Depuis la loi de 2005, nous avons perdu douze ans dans ce domaine, parce que les MDPH et les départements sont autonomes dans leurs choix informatiques.

M. René-Paul Savary. Oui, nous avons perdu du temps. Mais on peut le rattraper !

Mme Sophie Cluzel, secrétaire dÉtat. Nous le rattrapons et nous accélérons le déploiement du futur outil, qui permettra de mieux connaître les besoins. La CNSA est pleinement mobilisée auprès des MDPH en appui de cette transformation.

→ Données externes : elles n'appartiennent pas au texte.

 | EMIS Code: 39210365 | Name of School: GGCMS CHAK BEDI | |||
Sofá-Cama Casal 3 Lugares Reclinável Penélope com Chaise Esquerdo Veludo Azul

Vous pouvez compter sur ma détermination, et je veux bien compter sur votre appui : réfléchissons ensemble à l’amélioration et à la rénovation de ces dispositifs indispensables qui assurent une réponse de proximité. Aujourd’hui, 30 % des MDPH sont des maisons de l’autonomie, des MDA, qui font converger les visions sur les personnes âgées et les personnes handicapées. C’est un vrai chantier, et je vous remercie d’y travailler avec moi ! (Mme Patricia Schillinger applaudit.)

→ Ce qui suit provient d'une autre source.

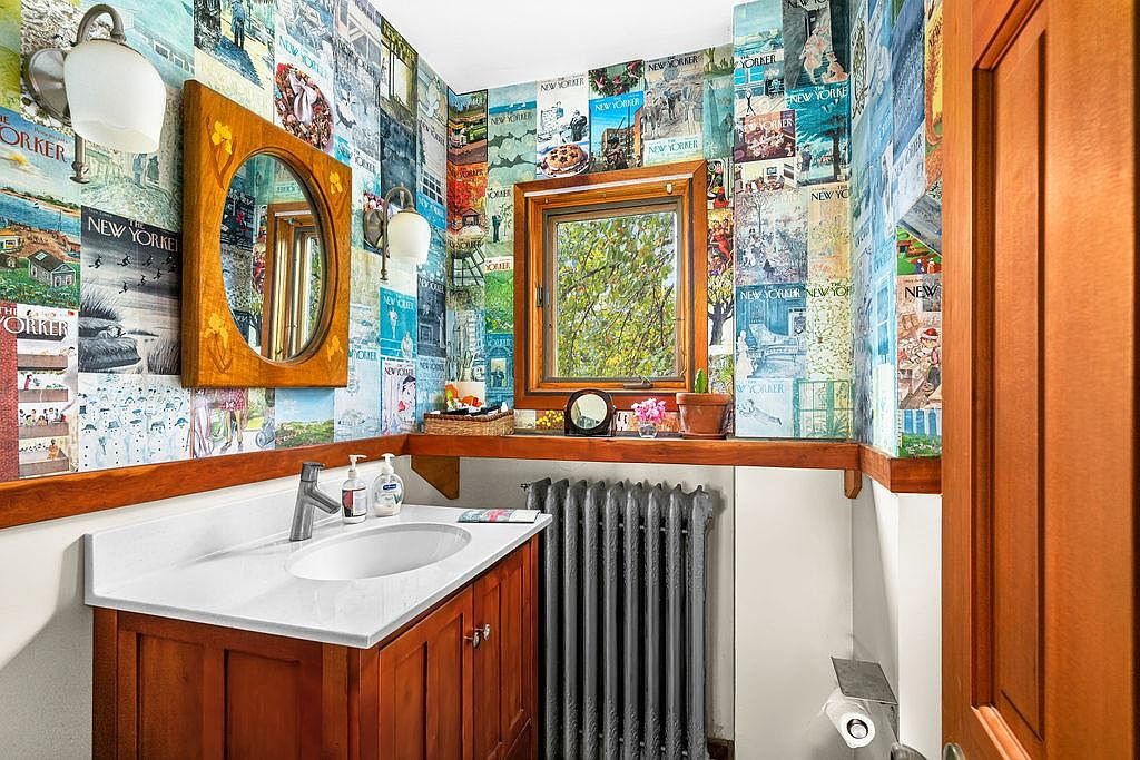 Featuring a unique blend of artistic expression and functionality, this bathroom showcases walls adorned with colorful vintage magazine covers, creating a vibrant and energizing atmosphere. The warm wood tones of the cabinetry and trim provide a cozy contrast to the playful wall decor. A circular mirror framed in wood complements the aesthetic while maximizing natural light from the window, which overlooks lush greenery. The sleek white countertop and modern fixtures add a touch of elegance, making the space both practical and welcoming. Family-friendly elements include ample counter space and thoughtful storage, catering to daily routines.

Article additionnel après l'article 83 - Amendement n° II-87 rectifié
Dossier législatif : projet de loi de finances pour 2019
Article 83 ter (nouveau)

Article 83 bis (nouveau)

I. – Le 1° bis du I de l’article L. 14-10-1 du code de l’action sociale et des familles est abrogé.

II. – La section 3 du chapitre Ier du titre Ier du livre Ier du code de la construction et de l’habitation est ainsi modifié :

1° Le dernier alinéa de l’article L. 111-7-10 est supprimé ;

2° Après le mot : « domaine », la fin du dernier alinéa du III de l’article L. 111-7-11 est supprimée ;

3° L’article L. 111-7-12 est abrogé.

III. – Après le mot : « domaine », la fin de l’avant-dernier alinéa du III de l’article L. 1112-2-4 du code des transports est supprimée.

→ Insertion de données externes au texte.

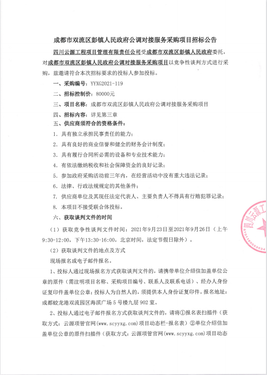 成都市双流区彭镇人民政府公调对接服务采购项目招标公告

IV. – Le solde du fonds national d’accompagnement de l’accessibilité universelle prévu à l’article L. 111–7–12 du code de la construction et de l’habitation est affecté au budget général de l’État, qui reprend l’ensemble des droits et obligations de ce fonds. – (Adopté.)

Article 83 bis (nouveau)
Dossier législatif : projet de loi de finances pour 2019
Article 83 quater (nouveau)

Article 83 ter (nouveau)

I. – Sans préjudice des principes définis à l’article L. 262-1 du code de l’action sociale et des familles, le service du revenu de solidarité active peut s’effectuer à titre expérimental par la remise d’un titre de paiement délivré par la caisse d’allocations familiales en Guyane, à Mayotte et à Saint-Martin.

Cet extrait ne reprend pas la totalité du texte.